A meal deal, mix-and-match, three-for-two, a family rail ticket – often when buying a selection of associated, but not the same items, you can earn yourself a discount. It is a reward for the customer taking up a range of goods that earns an income across the board for the supplier.

When it comes to multi-asset investment, however, that is not always the case.

Once known as balanced funds, offering just equities, fixed income and a smattering of real estate for good measure, multiasset funds have expanded their repertoire to offer investors a wider showcase of securities.

Responding to investor demand for a broader spread of risk, the typical multi-asset fund can hold a wide range of bond, credit and other debt instruments, equities from around the world and some illiquid assets, too. The aim is to smooth out the ride for the end investor, as one part of the portfolio should rise as another falls.

Almost every fund manager of any size has created a multi-asset investment team. Some of the largest funds in Europe are run on this risk-spreading basis.

But getting a discount for buying into a disparate group of assets? Think again – or rather don’t waste your time trying to figure it out.

Recently, multi-asset funds have come under the watch of the regulator for their charges.
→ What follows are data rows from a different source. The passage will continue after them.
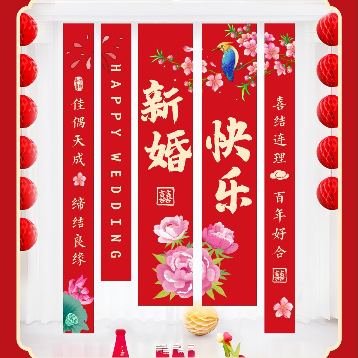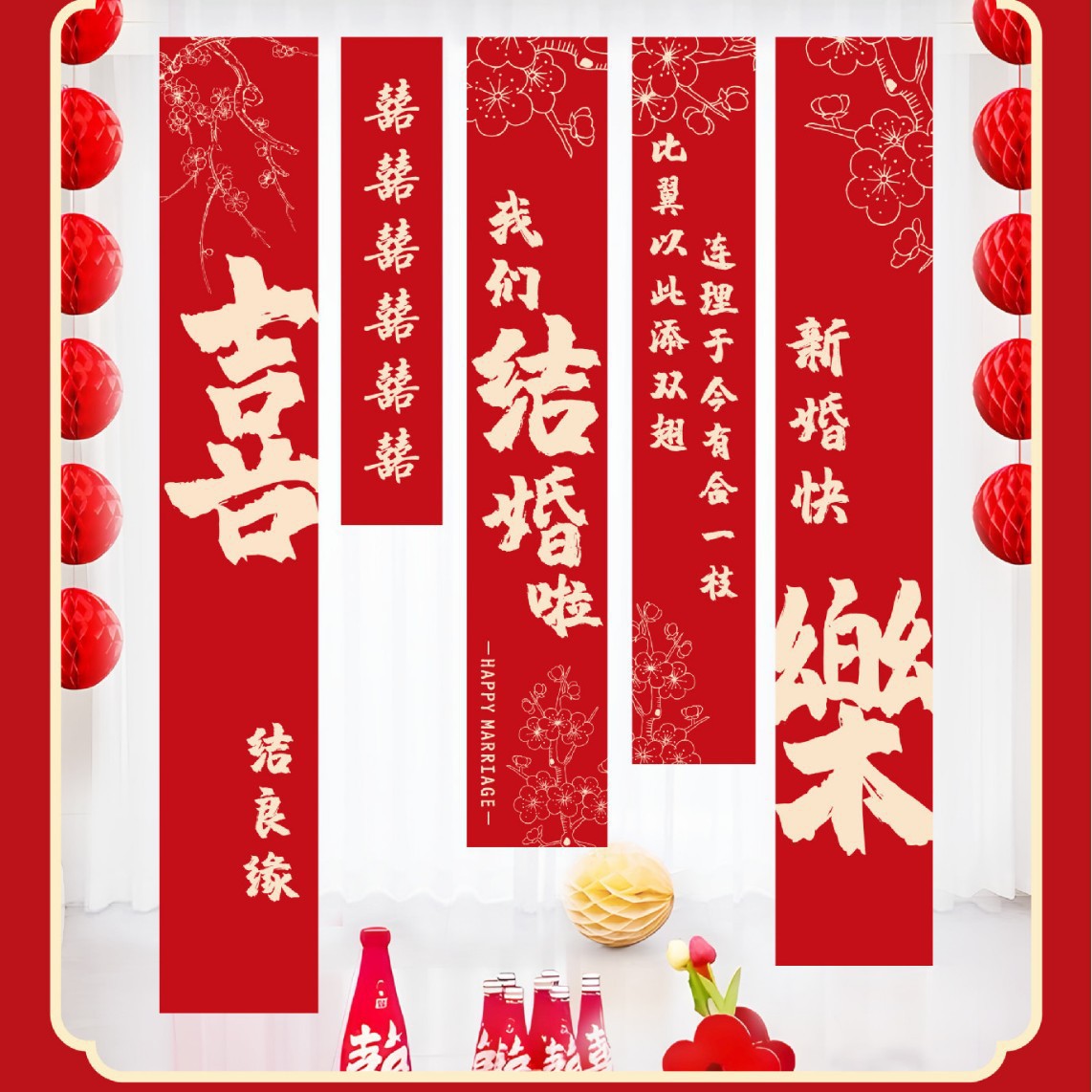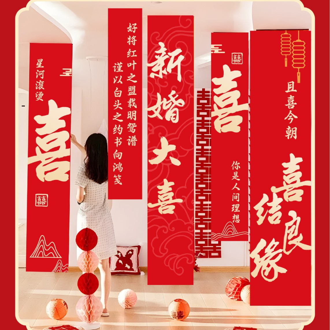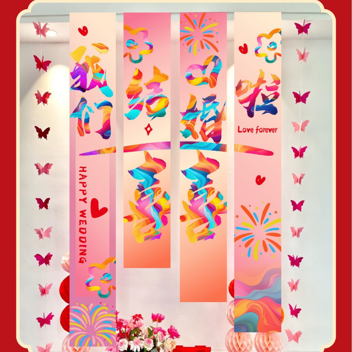 웨딩 배너 웨딩 교수형 천 여자 웨딩 룸 장식 용품 세트 Xi 캐릭터 그리기 꽃 커튼 배경 벽 Xi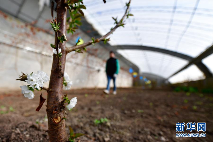 3月14日,在青海省果洛藏族自治州農(nóng)牧業(yè)生態(tài)科技示范園內(nèi),農(nóng)業(yè)技術(shù)員冷治在櫻桃樹種植棚內(nèi)工作。新華社記者 張龍 攝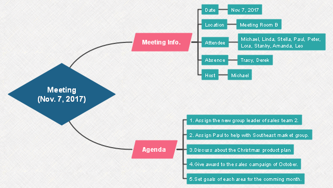 This is a simple meeting minutes mind map template. Compared with traditional minute-taking methods, mind mapping is more logical and streamline with keywords rather than long sentences and paragraphs. Explore suitable templates and customize your own style of meeting minutes at work.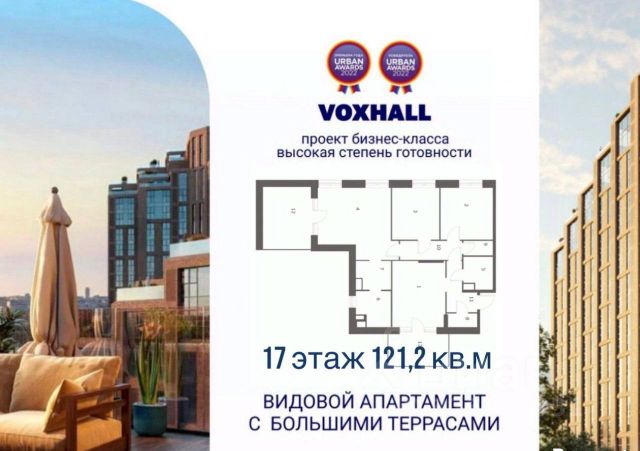 Арт. 129227481 СРОЧНАЯ ПРОДАЖА ПО СУПЕРЦЕНЕ ДО КОНЦА МЕСЯЦА!!! УНИКАЛЬНЫЙ ВИДОВОЙ АПАРТАМЕНТ С ДВУМЯ ВОСХИТИТЕЛЬНЫМИ ТЕРРАСАМИ И САМЫМИ ЛУЧШИМИ ВИДОВЫМИ ХАРАКТЕРИСТИКАМИ в жилом комплексе бизнес-класса VOXHALL (Корпус 4) на 17 этаже 25-этажного дома. Срок сдачи — 1 квартал 2026 года. Переуступка от физического лица.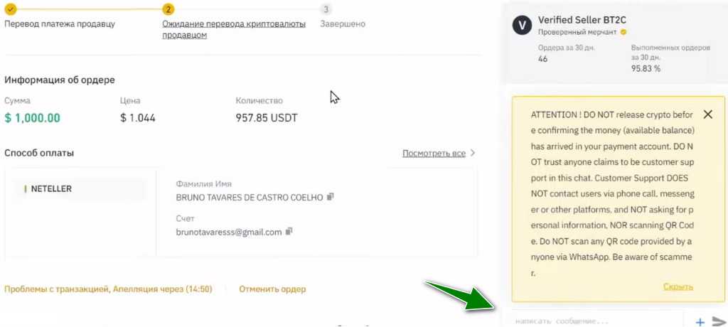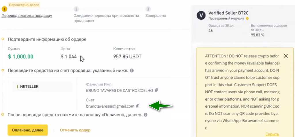 Обратите внимание, что оплата ордера ограничена окном в 30 минут, по истечении которых он будет отменен. Слева указана сумма, которую мы должны перевести Продавцу, и количество USDT, которое поступит на счет уже с вычетом процентов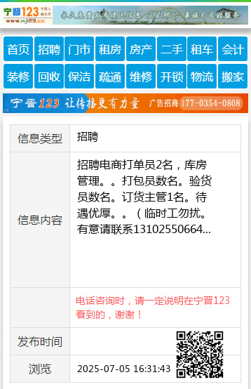 招聘电商打单员2名,库房管理。。打包员数名。验货员数名。订货主管1名。待遇优厚。。(临时工勿扰。有意请联系13102550664 【电话咨询时,请一定说明在宁晋123看到的,谢谢!】 |

Far from offering a discount, the fee structure of some of these myriad multi-asset funds are murky and could be costing investors more than the sum of their parts.

Or they might not be.

TANGLED WEB

The problem arises in the vehicle’s structure as it is often too difficult to tell what they are paying for at all.

In 2017, the Financial Conduct Authority (FCA) noted in its interim report on the asset management industry that although these funds are active in terms of strategy construction, some elements within them may be delivered by passive components.

Furthermore, these funds are not compelled to display through which third-party vehicle they may be accessing certain markets, meaning there could be discrepancies in what is being paid to use them.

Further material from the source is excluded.